Task to complete:
Your job is to print, exactly, the lines in the data below from the line with "930日上午,我校2020年" through the line with "Pantalones cortos confeccionados", both included, and to omit any picture.

Input records:
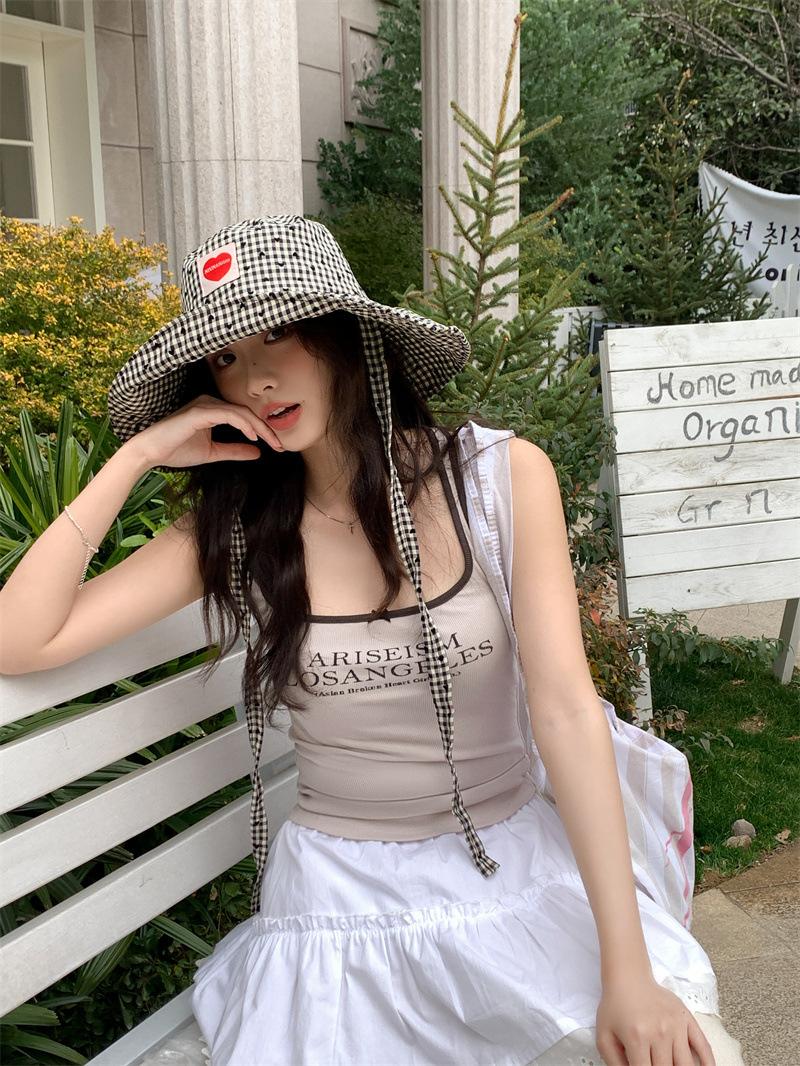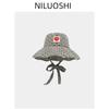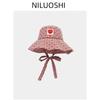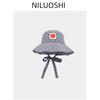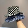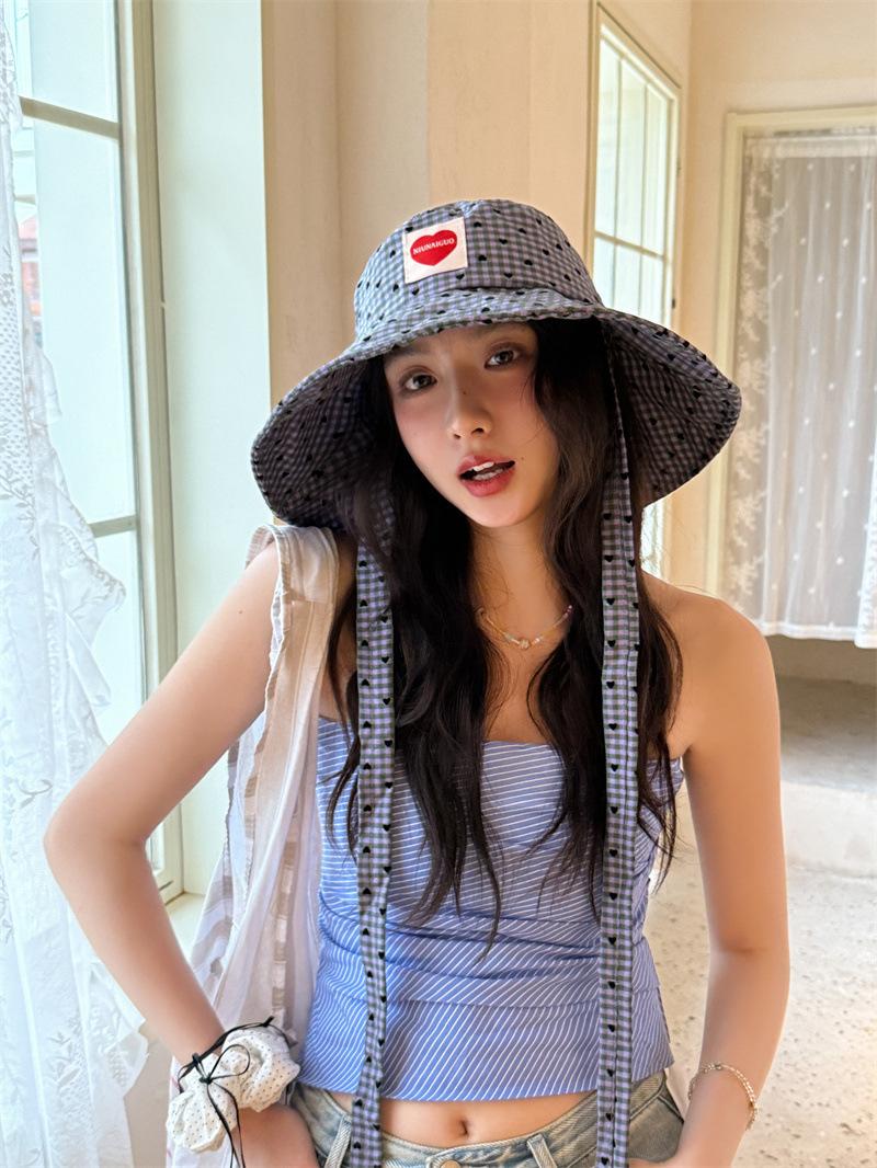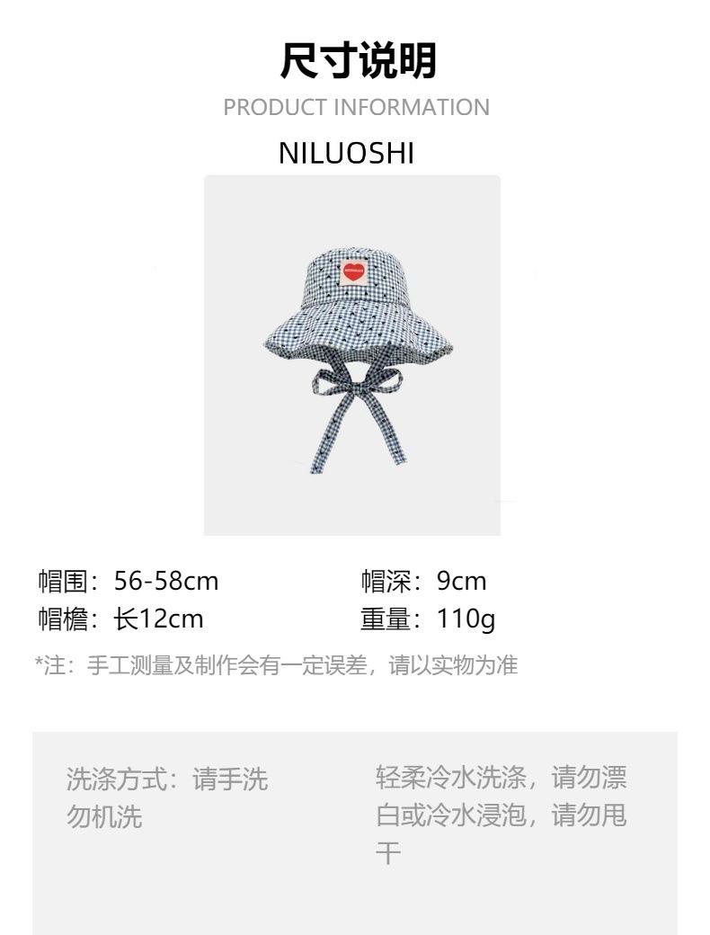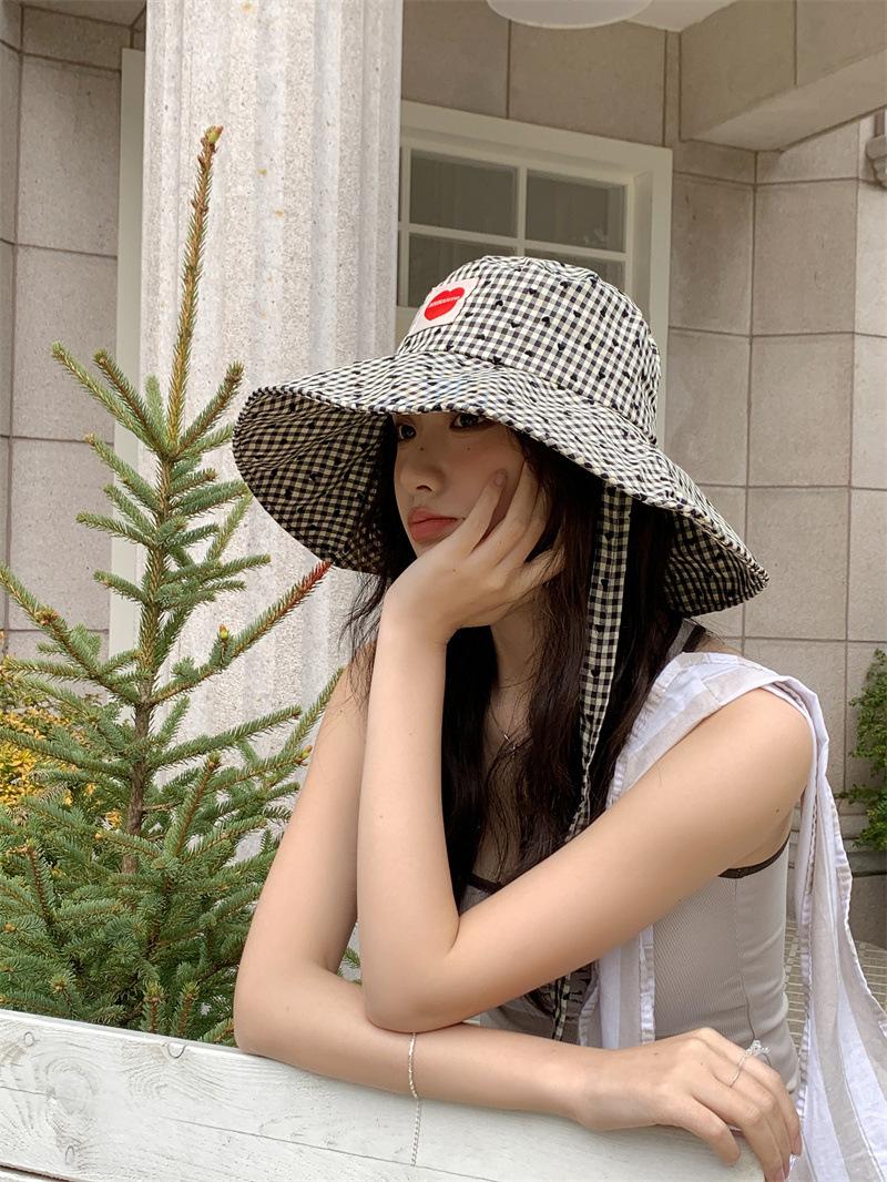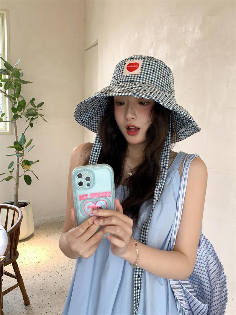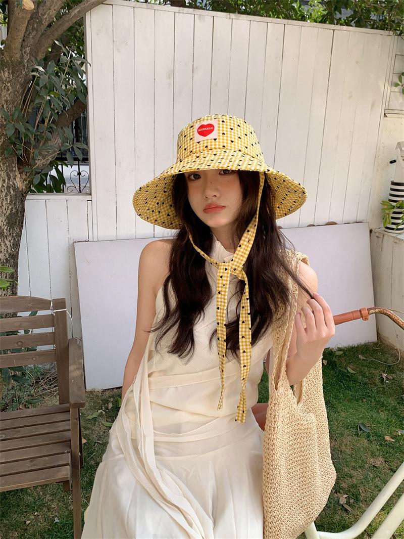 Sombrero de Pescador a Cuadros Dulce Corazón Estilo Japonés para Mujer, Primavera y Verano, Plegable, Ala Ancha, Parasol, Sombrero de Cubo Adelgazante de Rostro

* * *

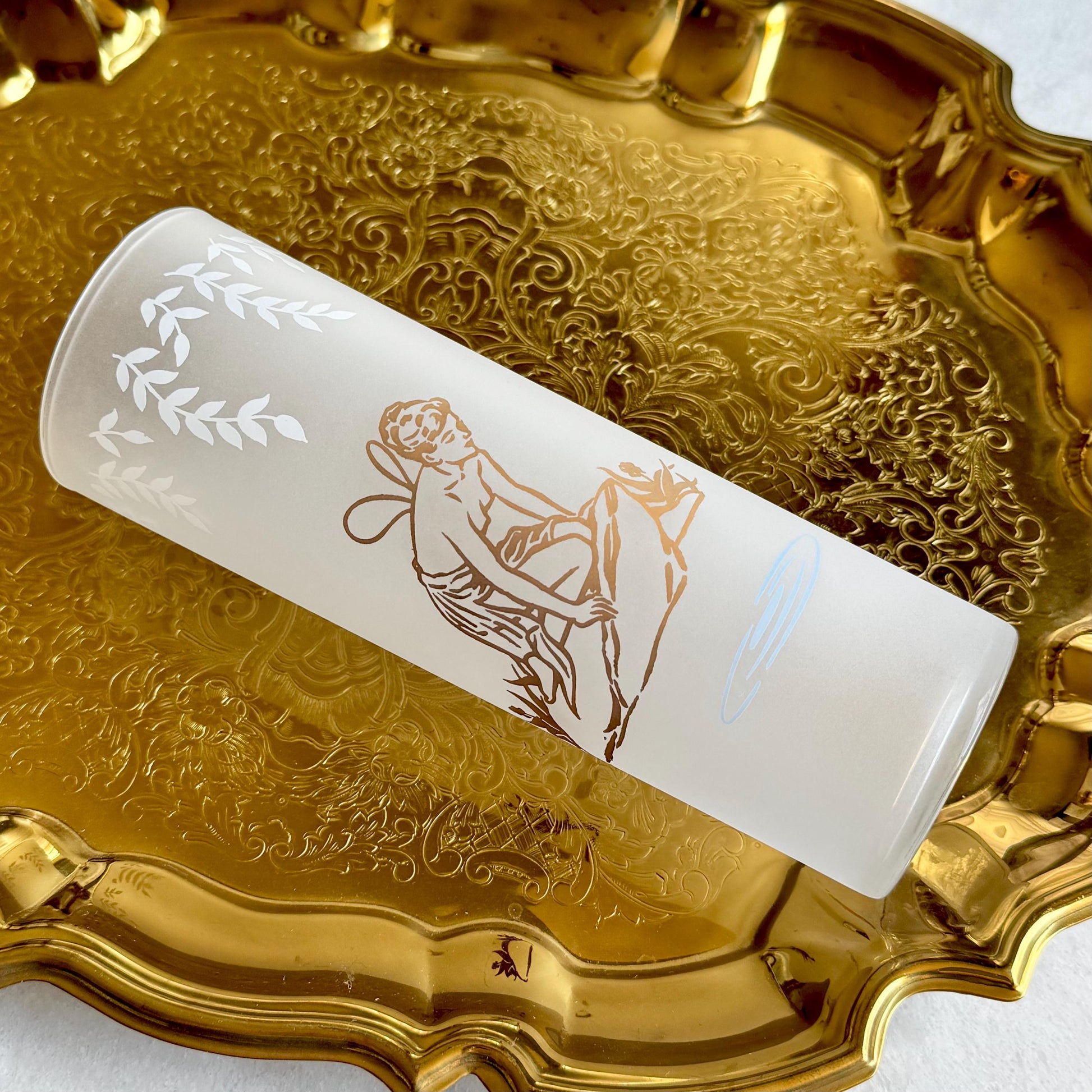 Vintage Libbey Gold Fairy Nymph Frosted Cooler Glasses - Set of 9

* * *

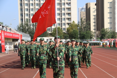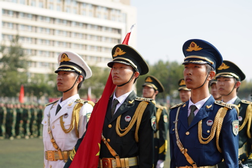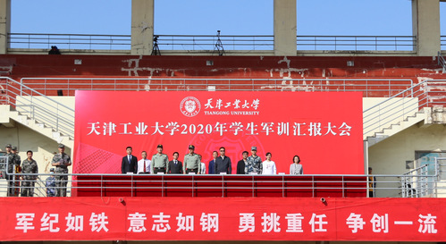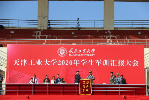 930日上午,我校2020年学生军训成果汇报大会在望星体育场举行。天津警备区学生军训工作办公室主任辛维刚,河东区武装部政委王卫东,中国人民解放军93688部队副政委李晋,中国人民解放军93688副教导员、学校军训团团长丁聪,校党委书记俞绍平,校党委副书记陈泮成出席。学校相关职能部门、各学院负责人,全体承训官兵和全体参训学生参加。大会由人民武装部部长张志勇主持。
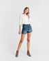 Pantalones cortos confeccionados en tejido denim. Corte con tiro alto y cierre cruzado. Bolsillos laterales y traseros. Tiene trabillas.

Response to the exercise:
 930日上午,我校2020年学生军训成果汇报大会在望星体育场举行。天津警备区学生军训工作办公室主任辛维刚,河东区武装部政委王卫东,中国人民解放军93688部队副政委李晋,中国人民解放军93688副教导员、学校军训团团长丁聪,校党委书记俞绍平,校党委副书记陈泮成出席。学校相关职能部门、各学院负责人,全体承训官兵和全体参训学生参加。大会由人民武装部部长张志勇主持。
 Pantalones cortos confeccionados en tejido denim. Corte con tiro alto y cierre cruzado. Bolsillos laterales y traseros. Tiene trabillas.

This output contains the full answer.